Myth 15: You Should Drink Eight Glasses of Water a Day
Studies show that people often mistakenly believe they’re hungry when they’re simply thirsty. They then eat unneeded calories instead of just drinking a glass of water. A good diet strategy is to make sure you’re fully hydrated at all times.
However, you don’t need to drink eight glasses of water a day to stay fully hydrated. Four glasses of water a day should be sufficient for most people, and you also get water from foods and other beverages. The National Institute of Diabetes and Digestive and Kidney Diseases notes that staying hydrated is important, but the “eight glasses” rule isn’t based on scientific evidence.
Myth 16: Trans Fat-Free Foods Don’t Contain Any Trans Fats
There’s a loophole in the FDA’s trans fat labeling law. Any food with less than 0.5 grams of trans fat per serving can be called “trans-fat free.” Manufacturers get to choose what a serving size is, and it rarely matches up with what you want a serving size to be.
A cracker company can decide that one small cracker is a serving, but if you eat 12 “trans fat-free” crackers, you could have consumed up to 6 grams of trans fat. The key is to look at the ingredient list. If the product contains hydrogenated or partially-hydrogenated oils, it contains trans fats. Since trans fats are so unhealthy, these products should be avoided.
Myth 17: Sugar Causes Behavior Problems in Kids
A 1995 study published in the Journal of the American Medical Association concluded that “sugar does not affect the behavior or cognitive performance of children,” yet the American Academy of Pediatrics reports that 93% of parents ask about avoiding sugar when their children are diagnosed with attention-deficit hyperactivity disorder. There is no scientific evidence that sugar increases hyperactive behavior in children.

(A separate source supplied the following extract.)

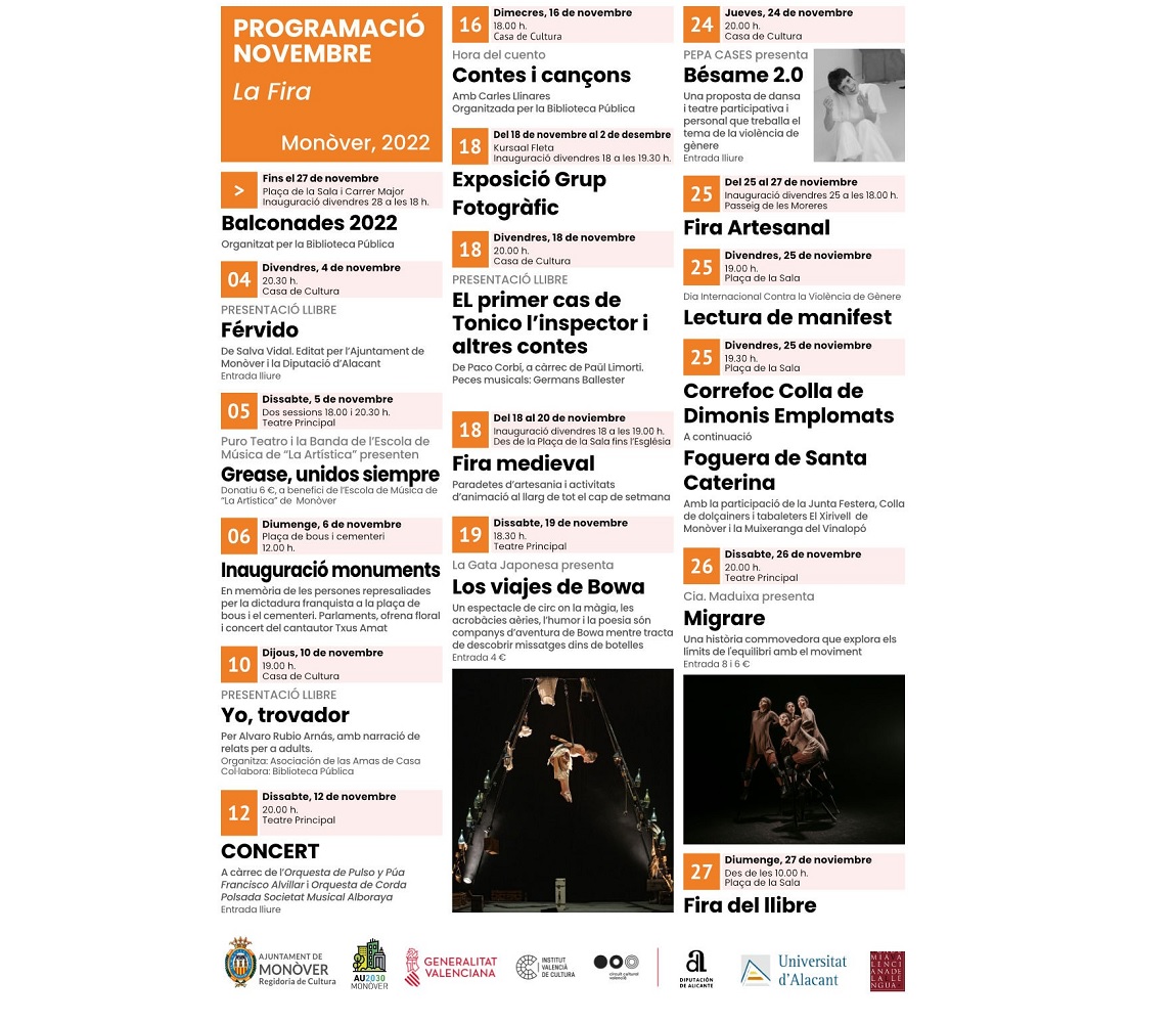 Monòver, dimecres, 2 de novembre de 2022.- La Regidoria de Cultura de l’Ajuntament de Monòver, ha previst, un any més, una àmplia i variada programació cultural al voltant de la celebració de la tradicional Fira de Santa Caterina.

The belief persists because parents often observe their children at birthday parties or holidays when both sugar consumption and excitement are high, creating a false association.

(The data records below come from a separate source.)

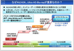 まず強調しておきたいのは、「最近では映像配信も盛んになってきていることもあり、Ultra HD Blu-rayでは画質に振っている」と小塚氏が断言するほど、高画質に特化した仕様となっていることだ。さらに、BDAからのライセンス開始のニュースでもお伝えしたとおり、今年のホリデーシーズンに向け、ソフトやハードの準備が着々と整っていることが確認できた。
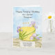 Brighten a caregiver's February birthday with this cheerful floral greeting card, showcasing a softly painted yellow cake topped with graceful iris blooms against a subtle stone-inspired background. Created to celebrate friendship, kindness, and joyful moments together, this watercolor birthday design offers a lovely way to share smiles and warm wishes on their special day.
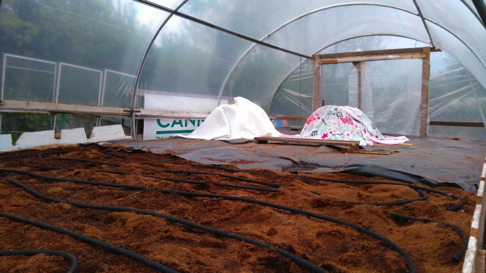 Nights have been cold but but this was expected so I built two little hoops houses to go in the tunnel and cover these with some thick material stripped out of an old mattress

Myth 18: Wraps are a Healthy Lunch Choice
Whoever ran the marketing campaign for wraps is a genius. How did this incredibly unhealthy and fattening product get the reputation of being a health food? A wrap (without anything in it) can have more than 300 calories—more than two slices of bread! Wraps are never a healthy choice compared to whole grain bread options.
Myth 19: Exercise Makes You Hungry
I’ve heard dieters say that they don’t exercise because it makes them hungry. The truth is, exercise does not significantly increase hunger. However, many people feel that they “deserve” to eat more calories because they exercised, and so they allow themselves to indulge. This psychological effect, not true physiological hunger, leads to overeating after exercise.
Myth 20: Skipping Meals Will Help You Lose Weight
Skipping meals is one of the worst things you can do when dieting. Yes, you save calories at that meal, but studies show that you more than make up for those calories during the rest of the day. Also, you put your body into “starvation mode,” so your metabolic rate lowers and your body tries to do whatever it can to hold onto calories.
You’re much better off eating small mini-meals every three or four hours. This approach keeps your metabolism active and helps prevent the extreme hunger that leads to overeating.
The Bottom Line
As emphasized by nutrition experts, it’s important to rely on evidence-based nutrition information rather than marketing claims or popular myths. When in doubt, consult with a registered dietitian or healthcare provider who can provide personalized, scientifically-sound nutrition advice.
Remember: if a nutrition claim sounds too good to be true, it probably is. Focus on the fundamentals—eating a variety of whole foods, staying hydrated, exercising regularly, and getting enough sleep. These time-tested strategies work far better than any quick fix or miracle food.